Print every entry again exactly, with no pictures.

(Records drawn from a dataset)
----------

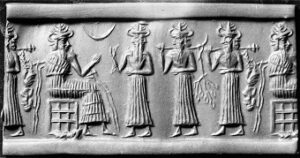 AKKADIAN CYLINDER SEAL. /nEa, the god of water and wisdom and the teacher of handicraft and magic, seated at left, with a bird-man dangling from a mace at far right. Akkadian cylinder seal, c2330-2180 B.C.
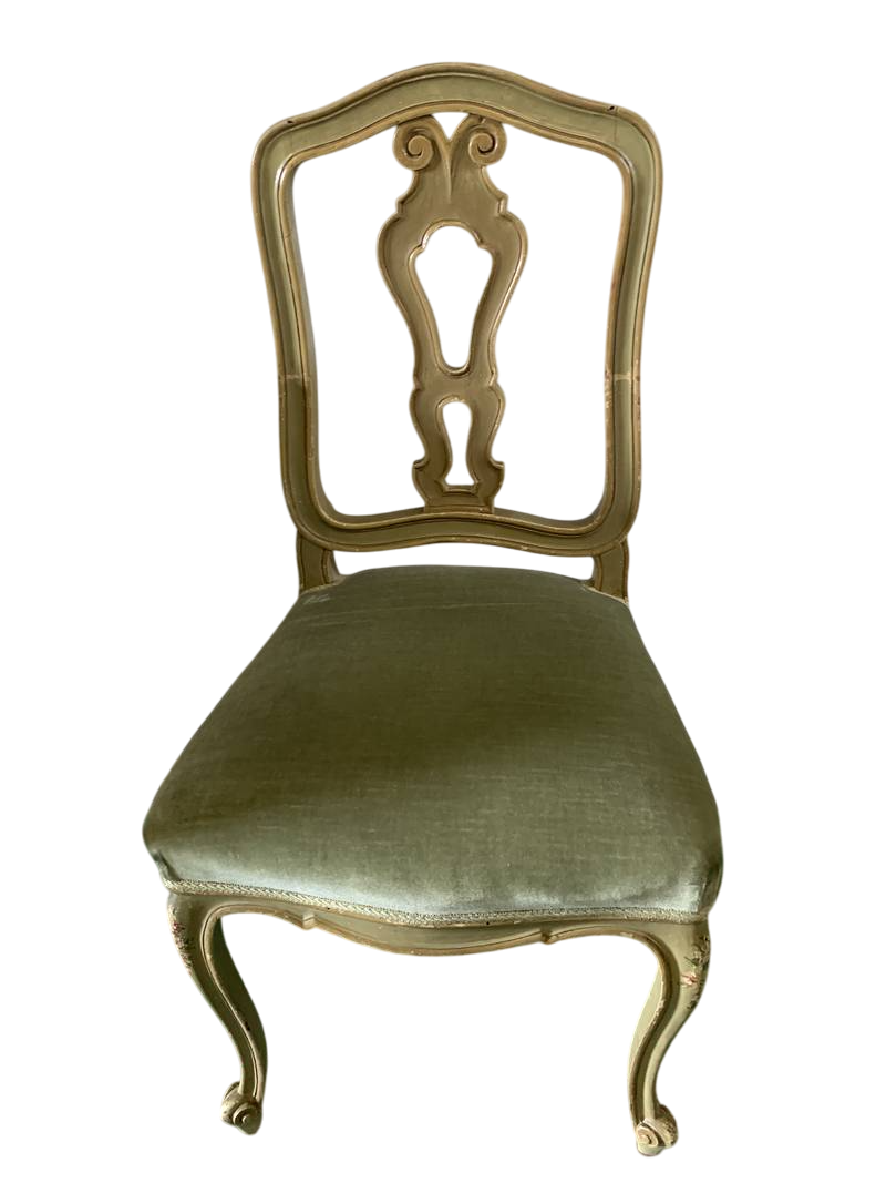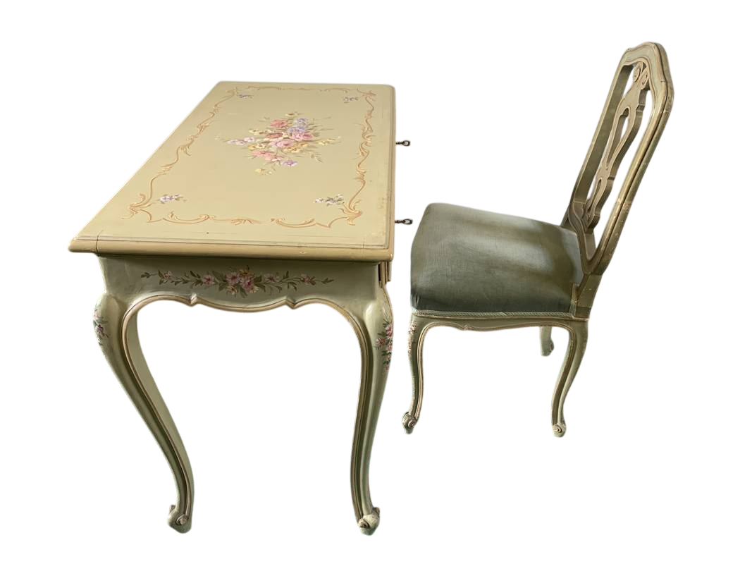 Scrivania piccolo scrittoio Veneziano laccato e dipinto con poltroncina
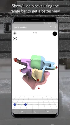 This is Matinmat.com app to help customers figuring out how to assemble all the pieces present in their projects made of sheets of foam. The original model has been split into a collection of numbered blocks, a 3D view of the blocks is the standard view. Each block appears of a different color and numbers appear over each block. The user can later press on one of the blocks to get the detail of the pieces that need to be stacked to create that particular block. The block-building view is just 2D.
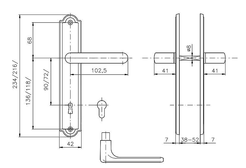 | Typ otvoru - variant | Otvor na cylindrickú vložku PZ, Otvor pre obyčajný kľúč BB, WC kľúč |
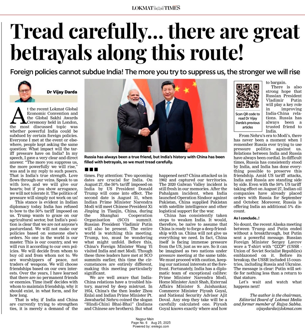At the recent Lokmat Global Economic Convention and the Global Sakhi Awards Ceremony held in London, the most discussed topic was whether powerful India could be subdued by certain foreign policies. Everyone I met at the event or elsewhere, people kept asking the same question: What impact will the tariff pressure have on India? In my speech, I gave a very clear and direct answer. “The more you suppress us, the more powerfully we will rise,” was and is my reply to such posers. That is India’s true strength. Love flows through our veins. Speak to us with love, and we will give our hearts; but if you show arrogance, we will not tolerate it. The politics of pressure will simply not work on us!
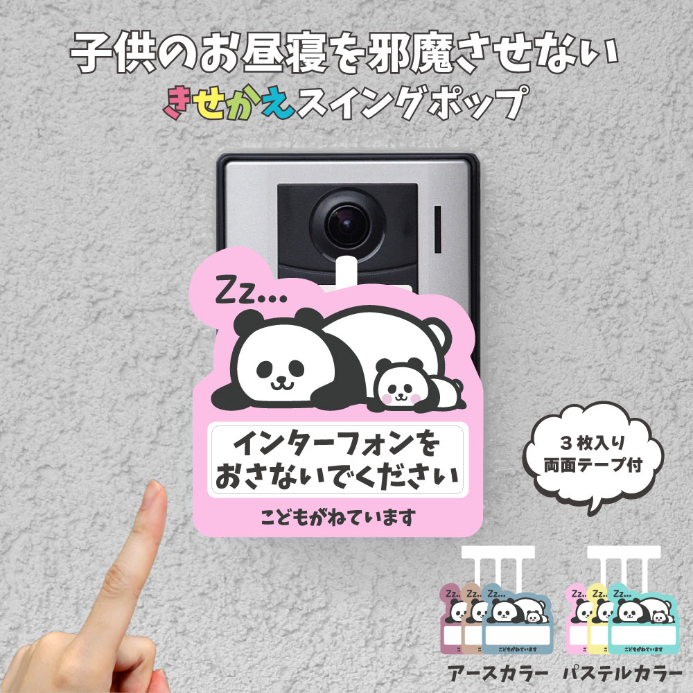 赤ちゃんには背中にはスイッチがついてると言われます。苦労してやっとお昼寝させられたと思ったら、『ピンポーン』とインターフォンがなって振り出しに…。子育てに忙しいパパママを助ける、小さい赤ちゃんやお子様のお昼寝を邪魔させない“お昼寝中です”スイングポップです。 使い方は簡単。インターフォンに貼っておくだけ。宅配業者・セールス・身内やご近所さんに 子供がお昼寝中のため、インターフォンを押さないでくださいと伝えることができます。出産祝いやハーフバースデー・お食い初めやお宮参りなどの贈り物としても喜ばれます。スイングポップは防水・撥水に優れるため、雨の日など天候の悪い日に貼っておいても問題ありません。またシールは弱粘着のため、剥がして別のシールを貼ることもできます。可愛らしいパンダは子供だけでなく、若者からお年寄りまで幅広い年齢の方に親しまれるキャラクターになっています。日々忙しい人をきせかえスイングポップの遊び心で笑顔にします。こんな商品いかがでしょうか?
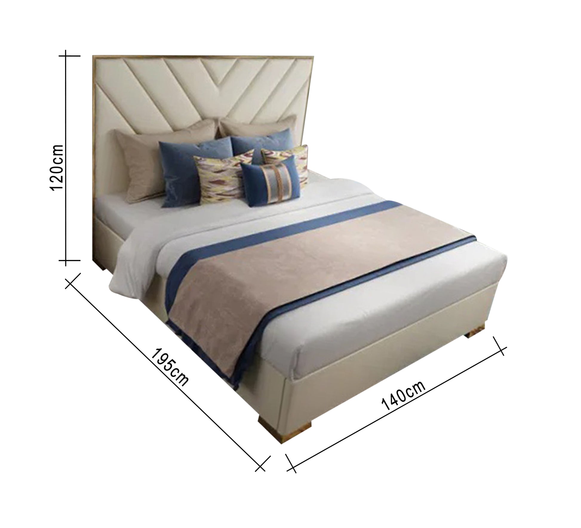 - السرير بطول 195 سم وارتفاع مسند الظهر 120 سم وبعروض مختلفة 100 و120 و140 و160 و180 سم.
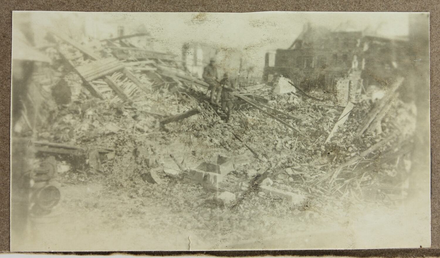 Image depicting two servicemen sitting on a large pile of rubbleof demolished buildings. As Cyril Rose spent a majority of his wartime service in France it is possible that this is the result of bombs being dropped on a French city.
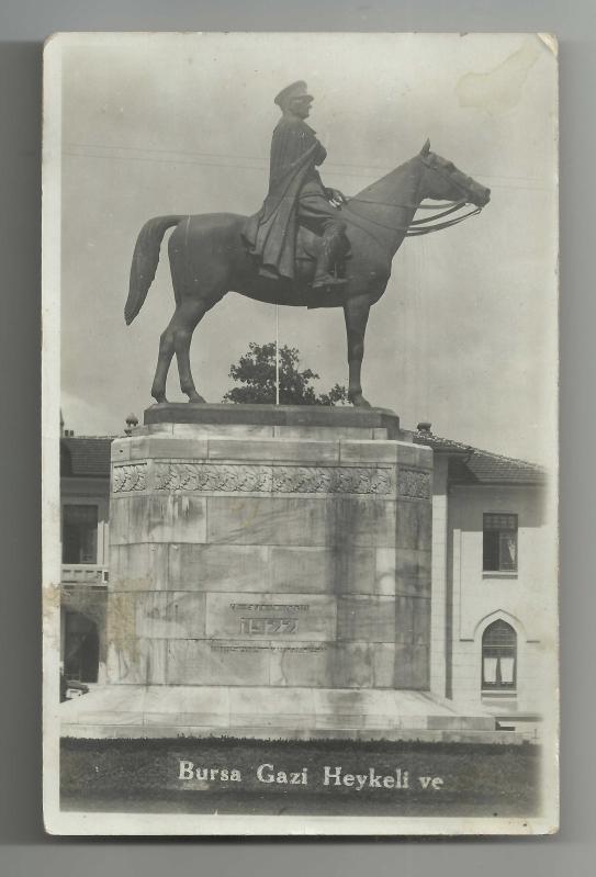 ** 1936 BURSA GAZİ HEYKELİ KONULU POSTADAN GEÇMİŞ FOTOKART ** 14 x 9 cm.ebadında,arkası yazılı ve postadan geçmiş, kondüsyon olarak gayet iyi,orijinal eski fotokarttır...

----------

# RESULT FOR THIS EXERCISE
 AKKADIAN CYLINDER SEAL. /nEa, the god of water and wisdom and the teacher of handicraft and magic, seated at left, with a bird-man dangling from a mace at far right. Akkadian cylinder seal, c2330-2180 B.C.
 Scrivania piccolo scrittoio Veneziano laccato e dipinto con poltroncina
 This is Matinmat.com app to help customers figuring out how to assemble all the pieces present in their projects made of sheets of foam. The original model has been split into a collection of numbered blocks, a 3D view of the blocks is the standard view. Each block appears of a different color and numbers appear over each block. The user can later press on one of the blocks to get the detail of the pieces that need to be stacked to create that particular block. The block-building view is just 2D.
 | Typ otvoru - variant | Otvor na cylindrickú vložku PZ, Otvor pre obyčajný kľúč BB, WC kľúč |
At the recent Lokmat Global Economic Convention and the Global Sakhi Awards Ceremony held in London, the most discussed topic was whether powerful India could be subdued by certain foreign policies. Everyone I met at the event or elsewhere, people kept asking the same question: What impact will the tariff pressure have on India? In my speech, I gave a very clear and direct answer. “The more you suppress us, the more powerfully we will rise,” was and is my reply to such posers. That is India’s true strength. Love flows through our veins. Speak to us with love, and we will give our hearts; but if you show arrogance, we will not tolerate it. The politics of pressure will simply not work on us!
 赤ちゃんには背中にはスイッチがついてると言われます。苦労してやっとお昼寝させられたと思ったら、『ピンポーン』とインターフォンがなって振り出しに…。子育てに忙しいパパママを助ける、小さい赤ちゃんやお子様のお昼寝を邪魔させない“お昼寝中です”スイングポップです。 使い方は簡単。インターフォンに貼っておくだけ。宅配業者・セールス・身内やご近所さんに 子供がお昼寝中のため、インターフォンを押さないでくださいと伝えることができます。出産祝いやハーフバースデー・お食い初めやお宮参りなどの贈り物としても喜ばれます。スイングポップは防水・撥水に優れるため、雨の日など天候の悪い日に貼っておいても問題ありません。またシールは弱粘着のため、剥がして別のシールを貼ることもできます。可愛らしいパンダは子供だけでなく、若者からお年寄りまで幅広い年齢の方に親しまれるキャラクターになっています。日々忙しい人をきせかえスイングポップの遊び心で笑顔にします。こんな商品いかがでしょうか?
 - السرير بطول 195 سم وارتفاع مسند الظهر 120 سم وبعروض مختلفة 100 و120 و140 و160 و180 سم.
 Image depicting two servicemen sitting on a large pile of rubbleof demolished buildings. As Cyril Rose spent a majority of his wartime service in France it is possible that this is the result of bombs being dropped on a French city.
 ** 1936 BURSA GAZİ HEYKELİ KONULU POSTADAN GEÇMİŞ FOTOKART ** 14 x 9 cm.ebadında,arkası yazılı ve postadan geçmiş, kondüsyon olarak gayet iyi,orijinal eski fotokarttır...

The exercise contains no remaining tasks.